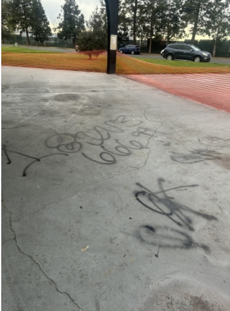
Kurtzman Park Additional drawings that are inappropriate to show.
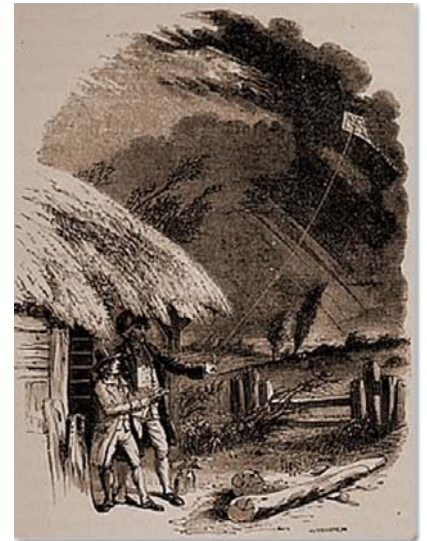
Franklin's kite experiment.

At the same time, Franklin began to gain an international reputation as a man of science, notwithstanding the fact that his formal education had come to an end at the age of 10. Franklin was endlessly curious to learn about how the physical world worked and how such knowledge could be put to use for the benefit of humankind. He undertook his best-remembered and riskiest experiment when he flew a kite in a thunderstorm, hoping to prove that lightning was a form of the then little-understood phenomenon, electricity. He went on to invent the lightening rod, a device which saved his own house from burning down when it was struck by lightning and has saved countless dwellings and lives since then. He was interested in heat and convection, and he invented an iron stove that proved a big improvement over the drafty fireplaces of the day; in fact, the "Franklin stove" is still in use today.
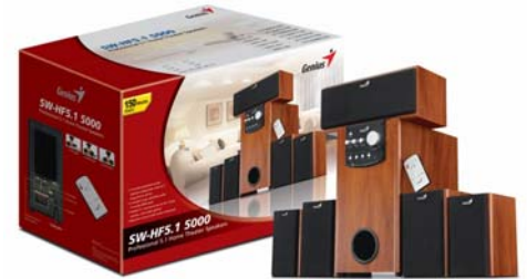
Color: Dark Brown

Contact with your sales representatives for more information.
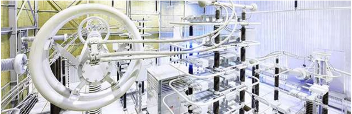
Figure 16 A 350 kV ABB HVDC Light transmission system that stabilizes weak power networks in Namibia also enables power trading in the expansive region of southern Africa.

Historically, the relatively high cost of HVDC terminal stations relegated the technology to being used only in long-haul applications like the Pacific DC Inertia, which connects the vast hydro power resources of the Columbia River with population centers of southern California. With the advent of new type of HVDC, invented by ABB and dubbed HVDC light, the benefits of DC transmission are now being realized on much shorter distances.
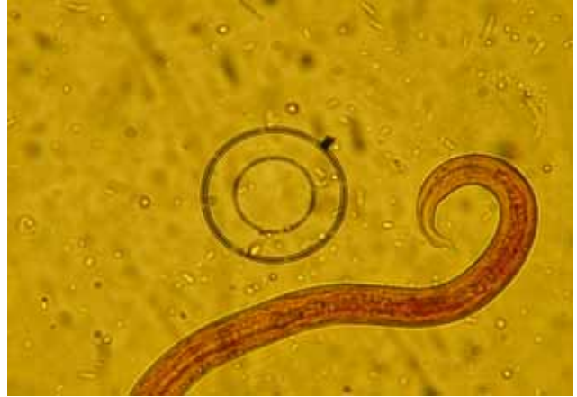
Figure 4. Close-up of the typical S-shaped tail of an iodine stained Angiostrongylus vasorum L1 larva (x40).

- **INSTRUCTIONS FOR THE TASK**: Report the lines above that have the word "Figure" in them.

- **RESPONSE BOX**:
Figure 16 A 350 kV ABB HVDC Light transmission system that stabilizes weak power networks in Namibia also enables power trading in the expansive region of southern Africa.
Figure 4. Close-up of the typical S-shaped tail of an iodine stained Angiostrongylus vasorum L1 larva (x40).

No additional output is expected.